Körlüğün sadece görmeme durumu olmadığı bir dönemde uzağı görememekte göz ile ilgili değildir. Görmek esasında idrak ile ilgilidir. Kişi hariçten kendisine sunulan gündemleri idrak konusu kılmak yerine o gündemi kendisinin gibi kabul edip başkasının idrak ettiği, düşündüğü şeyi kendisininmiş gibi savunabiliyor ve sahte eylemlerde bulunabiliyor. Bütün meşguliyeti esas olandan çıkıp sahte bir hüviyete bürünüyor. Sahtelik kişinin kendisini öyle uzak bir yere konumlandırıyor ki idraken hipermetrop olan kişi kendisini göremez oluyor. Sahte gündem ve meşguliyetler söz konusu olduğunda en yakın da olan en uzakta olanla aynı şey haline geliyor. Bu durumun çelişki doğurduğu aşikardır. Zaten sahte gündemler de bu çelişkiler üzerine inşa edilmiştir. İnsanı çelişik olan durumların kıskacına koyarak çekiştirir. İdrak etmeyen kişi böyle bir durumda bir tarafa doğru yönelecek/çekilecektir ki bertaraf olmasın. Taraf olmak çelişik olan iki durumdan birini seçmekten başka bir şey değildir. Günümüzde en çok “gündem” olan şeyler böyle çelişkiler üzerine temellenmiştir. Birisin “a” dediğine diğeri “a değil” diyecektir ve sesi en çok çıkan kendi sözünü doğru kabul ettirip kitleleri o sözün peşinden sürükleyecektir.

Kendisini en uzağa koyan kişinin bir yerden başka bir yere gitmesi de aynen kitlelerin yaptığı gibi sürüklenme şeklindedir. Sürüklenme ifadesine dikkat edilirse sürükleyen birisine göndermede bulunur. Kendisi olamayan kişi başkasının güdümünde olacaktır ve dolayısıyla sürüklenecektir. Sürüklenmekten tahriş olan diz ve dirseklerin merhemi de hep “bu da geçer” vaatleri olacaktır.

Sürükleyicilerin ortak özelliği vaat vermeleridir. Sürüklenenlerin ortak özelliği ise kurtarılmaya muhtaç hayatlar “sürmeleridir”. “Sürmeleri” ifadesi tırnak içerisinde verilmiştir çünkü böyle kimseler kendi hayatlarını kendileri süremezler, çünkü kendilerine uzaktırlar dolayısıyla hep başkasından beklerler o hayatların sürülmesini. Bu bazen politik bir kişi ve kurum olabilirken bazen de iş veren, yönetici veya patron olabilir.

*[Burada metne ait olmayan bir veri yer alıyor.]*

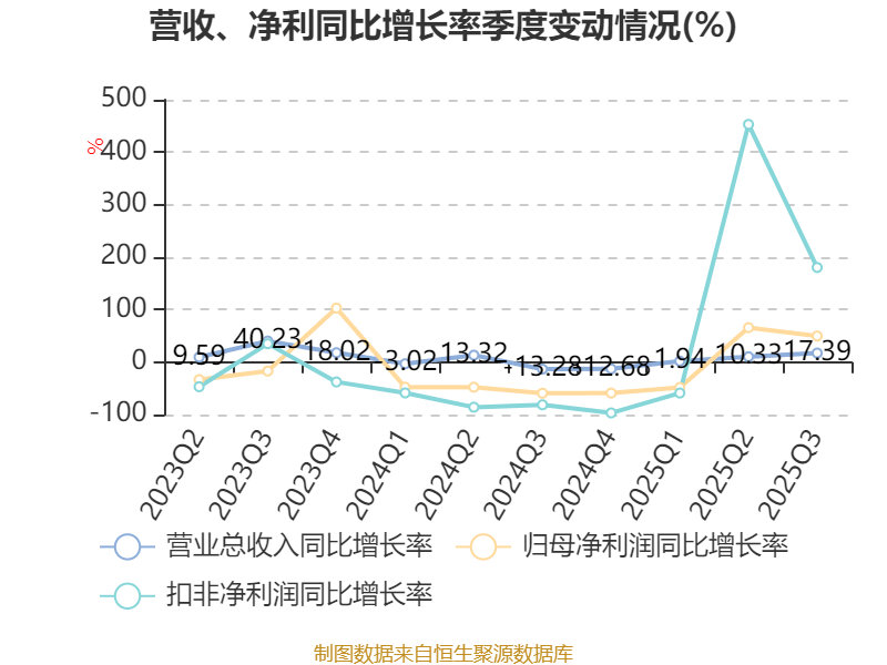 资产重大变化方面,截至2025年三季度末,公司交易性金融资产合计较上年末减少23.2%,占公司总资产比重下降9.27个百分点;货币资金较上年末增加74.69%,占公司总资产比重上升3.59个百分点;其他非流动金融资产较上年末增加40.26%,占公司总资产比重上升2.08个百分点;在建工程合计较上年末增加87.29%,占公司总资产比重上升0.79个百分点。

Hayatların kontrolünü teslim alan kişiler sahip oldukları gücün farkındadırlar. Bu gücü ellerinde tutabilmek için yapamayacakları şey yoktur. Örnek vermek gerekirse ilk yaptıkları şey kitlesel uyutma ve uyuşturma hareketidir. Kendileri konforlu birer yatak ve derin uyku görevi görürken esasında yaptıkları şey bu gücü ellerinde tutmaktır. Bu konfor kendisini birçok farklı şekilde sunabilir. Bunlardan en rahatı düşünce konforudur. Bir başkası sizin yerinize düşünmüştür, sizin yerinize yapmıştır ve sizin yerinizdedir. Siz, siz olmak zorunda değilsinizdir artık tek yapmanız gereken arkanıza yaslanıp gelen talimatlara uymak ve her söylenene inanmaktır. Burada önemli olan söylenenin nereden söylendiği ve ne kadar çok söylendiğidir. Düşünce konforuna sahip kişi sık tekrarlarla, yüksek sesle ve herkesin duyduğu şeylerle karşılaşırsa onu hakikat kabul etmemesi için hiçbir sebep yoktur. Düşünce konforuna sahip kişinin yapması gereken tek şey duyduğuna inanmak, gördüğüne daha çok inanmaktır. Böyle kimselerin ağızlarından sıklıkla “tv’de gösterdi” ifadesini duyabilirsiniz.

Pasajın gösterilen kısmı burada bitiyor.